Siamo consapevoli che quando l’intelligenza è “potere di calcolo” la macchina è nettamente superiore all’essere umano, ma sappiamo anche che solo in pochi casi, peraltro controversi, un computer è riuscito a superare il test di Turing (ingannare una giuria di esperti facendole credere di dialogare a distanza con un essere umano). Se guardiamo al cervello umano con i suoi 100 miliardi di neuroni e trilioni di sinapsi, ci rendiamo conto che nulla del genere è mai stato nemmeno lontanamente costruito: contestualizzare in modo flessibile gli elementi di senso del reale; garantire equilibrio emotivo e ragionevolezza nel processo decisionale; comprendere responsabilmente le conseguenze di una determinata scelta; essere capaci di fornire risposte anche di fronte a situazioni ambigue; tollerare l’incertezza; agire comunque, se necessario, anche in assenza di una procedura o di un programma – queste sono tutte caratteristiche peculiari dell’intelligenza umana.
Nel futuro almeno prossimo non è quindi in atto alcuna sfida a eliminazione con le macchine; si tratta invece di imparare a gestire sempre meglio, come sta già accadendo in alcune professioni, sistemi complessi, evolute interfacce macchina-uomo.
A titolo di esempio riporto il caso di una grande multinazionale, Unilever, che a partire dal 2016 ha adottato un processo di selezione del personale che utilizza l’IA e la gamification. Il primo step riguarda l’apertura di posizioni lavorative su LinkedIn o Facebook da parte dell’azienda.

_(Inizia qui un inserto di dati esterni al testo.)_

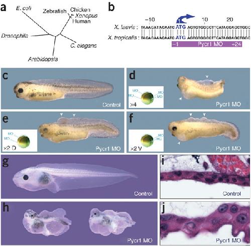 Autosomal recessive cutis laxa (ARCL) describes a group of syndromal disorders that are often associated with a progeroid appearance, lax and wrinkled skin, osteopenia and mental retardation. Homozygosity mapping in several kindreds with ARCL identified a candidate region on chromosome 17q25. By high-throughput sequencing of the entire candidate region, we detected disease-causing mutations in the gene PYCR1. We found that the gene product, an enzyme involved in proline metabolism, localizes to mitochondria. Altered mitochondrial morphology, membrane potential and increased apoptosis rate upon oxidative stress were evident in fibroblasts from affected individuals. Knockdown of the orthologous genes in Xenopus and zebrafish led to epidermal hypoplasia and blistering that was accompanied by a massive increase of apoptosis. Our findings link mutations in PYCR1 to altered mitochondrial function and progeroid changes in connective tissues.

Il candidato si iscrive senza bisogno di inviare il classico curriculum, un algoritmo compie una prima valutazione delle competenze in base al profilo LinkedIn. Il passo successivo, per chi viene ritenuto idoneo, consiste in una serie di giochi che misurano concentrazione, memoria a breve termine, cultura generale, problem solving. Il tutto viene eseguito anche comodamente da casa, dal proprio smartphone.
Le persone che superano questa fase devono inoltrare un loro videomessaggio di presentazione che un sofisticato software elabora in base alla voce, alle espressioni facciali, allo stile verbale e ai contenuti. Solo chi supera quest’ultimo passaggio viene convocato in azienda per un classico colloquio di selezione condotto da psicologi esperti, che avranno modo di analizzare e valutare l’insieme dei dati provenienti dalla componente esclusivamente digitale del processo di selezione, integrandola con proprie valutazioni durante il colloquio con il candidato.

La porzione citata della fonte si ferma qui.